Чудовища
Шрифт:
— Как же ты в живых остался? — полюбопытствовал я, опуская лопату.
— Мне-то почем ведать? — развел руками он. — Воскрес?
— Тьфу! — я аж на снег сплюнул и кулак ему показал: — Поколочу!
Он-то помельче меня, сам тощий как щепка, зато уши вон какие — оттого и прозвище Ушастый. Никодим сник, шапку в руках затеребил и говорит:
— А я че? Я ниче! Иду себе, никого не трогаю! И тут откуда ни возьмись орда!
— На конях?
— На конях! — закивал неистово. — Сабли и палки у всех!
— Что за палки?
— Огненные!
— Тьфу! Никодим, ты мне сказки не сказывай! У меня первенец насмерть замерз, а Любаву забрали. Ты ее видел?
— Неа, — замотал ушастой головой, — я все истинно глаголю, как есть! Как все сам видывал! Своими глазами! Вот те крест! — опять затарахтел крестными знамениями он.
— Успокойся! В дом пойдем, печку растопим, успокоишься и поведаешь все по порядку.
Закивал опять неистово.
Я его в дом отправил, а сам за конем сходил. Еле нашел, завел в свой сарай, туда, где раньше козы стояли, воды ему поставил и сена заложил. Коз-то у меня больше и в помине нет — все нечестивцы проклятые украли.

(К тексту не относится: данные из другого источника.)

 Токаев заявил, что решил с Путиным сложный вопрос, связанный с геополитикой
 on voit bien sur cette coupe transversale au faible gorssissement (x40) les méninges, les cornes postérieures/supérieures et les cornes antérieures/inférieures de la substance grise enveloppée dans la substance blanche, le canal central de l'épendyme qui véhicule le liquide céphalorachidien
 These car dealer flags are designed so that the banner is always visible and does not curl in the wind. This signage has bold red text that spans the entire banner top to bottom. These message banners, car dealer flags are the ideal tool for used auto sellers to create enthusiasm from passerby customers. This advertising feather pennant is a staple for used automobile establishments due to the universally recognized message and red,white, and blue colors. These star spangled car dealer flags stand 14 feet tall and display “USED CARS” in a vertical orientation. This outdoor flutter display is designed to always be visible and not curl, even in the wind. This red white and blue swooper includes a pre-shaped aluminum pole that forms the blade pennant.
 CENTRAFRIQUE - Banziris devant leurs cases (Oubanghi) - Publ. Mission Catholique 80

Ну вот воротился я в дом, а Никодим уж и печку растопил. Ну так энто просто, а вот с дверью пришлось повозиться — петли-то с «мясом» оторвали, супостаты. От ведь нелюди! И что им неймется? Приладили мы дверь наконец, сидим у печки, и Никодим все сказывает:
— Я иду, значитца, а они отовсюду шасть! Шасть! И все на конях! И гром! И огонь из палок! — Оттопыренные уши у него так и задергались. Но уже вроде как немного успокоился, сидит у печки, греет руки о железную кружку с горячим чаем.
— Что за палки-то? — нахмурился я.
— А бес их знает! Я раньше никогда таких не видывал! Сказываю же, Михей, от Лукавого они! Палки-то! Никак, черная магия!

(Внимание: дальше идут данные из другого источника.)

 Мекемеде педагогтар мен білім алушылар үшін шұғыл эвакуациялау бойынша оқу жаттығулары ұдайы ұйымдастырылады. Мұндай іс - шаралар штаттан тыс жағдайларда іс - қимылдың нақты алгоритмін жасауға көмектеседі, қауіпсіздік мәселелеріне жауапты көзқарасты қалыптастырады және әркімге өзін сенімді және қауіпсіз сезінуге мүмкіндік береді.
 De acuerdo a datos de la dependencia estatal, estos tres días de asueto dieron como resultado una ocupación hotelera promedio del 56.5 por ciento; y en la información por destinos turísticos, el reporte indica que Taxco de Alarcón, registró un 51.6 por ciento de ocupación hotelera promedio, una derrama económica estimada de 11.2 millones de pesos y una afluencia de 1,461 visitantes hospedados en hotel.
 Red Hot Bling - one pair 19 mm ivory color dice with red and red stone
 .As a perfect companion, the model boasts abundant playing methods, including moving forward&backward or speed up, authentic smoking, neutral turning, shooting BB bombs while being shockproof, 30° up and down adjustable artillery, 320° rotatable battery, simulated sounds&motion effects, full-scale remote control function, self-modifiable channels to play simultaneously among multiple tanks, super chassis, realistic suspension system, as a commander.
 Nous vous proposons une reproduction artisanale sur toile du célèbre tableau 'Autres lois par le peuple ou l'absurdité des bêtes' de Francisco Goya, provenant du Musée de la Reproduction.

— Что же энто получается, черная магия опять в наш мир пришла?
— Почем мне знать? Но выглядит оно так, что да, — кивнул он и отпил из кружки.

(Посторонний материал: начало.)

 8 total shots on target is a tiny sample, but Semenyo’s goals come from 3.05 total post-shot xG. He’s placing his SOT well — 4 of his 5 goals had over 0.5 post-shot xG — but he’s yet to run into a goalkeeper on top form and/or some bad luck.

— От ведь бесовы дети, — вздохнул я и себе чаю налил. Промерз-то весь до костей, до сих пор никак не отогреюсь. — Так как же ты в живых остался-то?
— А бегу я по селу, и за мной всадник! Так конь меня рогатой головой и боднул!
— И что?
— Ну, я в избу и влетел. А дальше ничаго не помню. Токмо как очнулся в сугробе. Чуть насмерть не замерз.
— Эх, Никодим, — вздохнул я.
— Чаго?
— А ничаго! Темнеет. Спать ложись, я тут на печи, а ты там. Вон топчан. С утра что-нибудь придумаем.
А что тут придумывать? Любаву вызволять надо. Лег я, а сон все не идет. Даром, что уставший. Поспать бы перед тяжелым деньком, да все глаз не сомкнуть. Так хотелось сорваться и ринуться жене на помощь. Но нельзя, за окном вон темно уже, хоть глаз выколи, да холодно и следов совсем не видать. Заплутаю. Так до утра и провалялся.
С утра поднялся, наточил нож, наполнил деревянный тазик водой и начал сбривать с лица волосы. Сбриваю и в воду смотрю — ну, красавец: брови тяжелые, челюсть тяжелая, нос большой. Только над глазами немного волос оставил, но коротеньких, чтобы как у чистокровных, у них же там брови. А, закончив с лицом и шеей, принялся за руки: сбривал там, где одежда не прикрывает.
— Ты чаго? — спросил Никодим, продирая глаза, за окном-то ни свет ни заря.
— Ничаго, бреюсь.
— Зачем?
— Без шерсти я на чистокровного похож.
А о том, что у меня еще и когти на ногах, умолчал. Закончив с волосами, принялся одеваться.
— Зачем на чистокровного? — поднял брови Никодим.
— В поход собираюсь, — изрек я, подпоясываясь и большой охотничий нож на пояс вешая. — Любаву вызволять.
— Ты чаго? — еще больше удивился Ушастый. — Совсем того? У них же магия!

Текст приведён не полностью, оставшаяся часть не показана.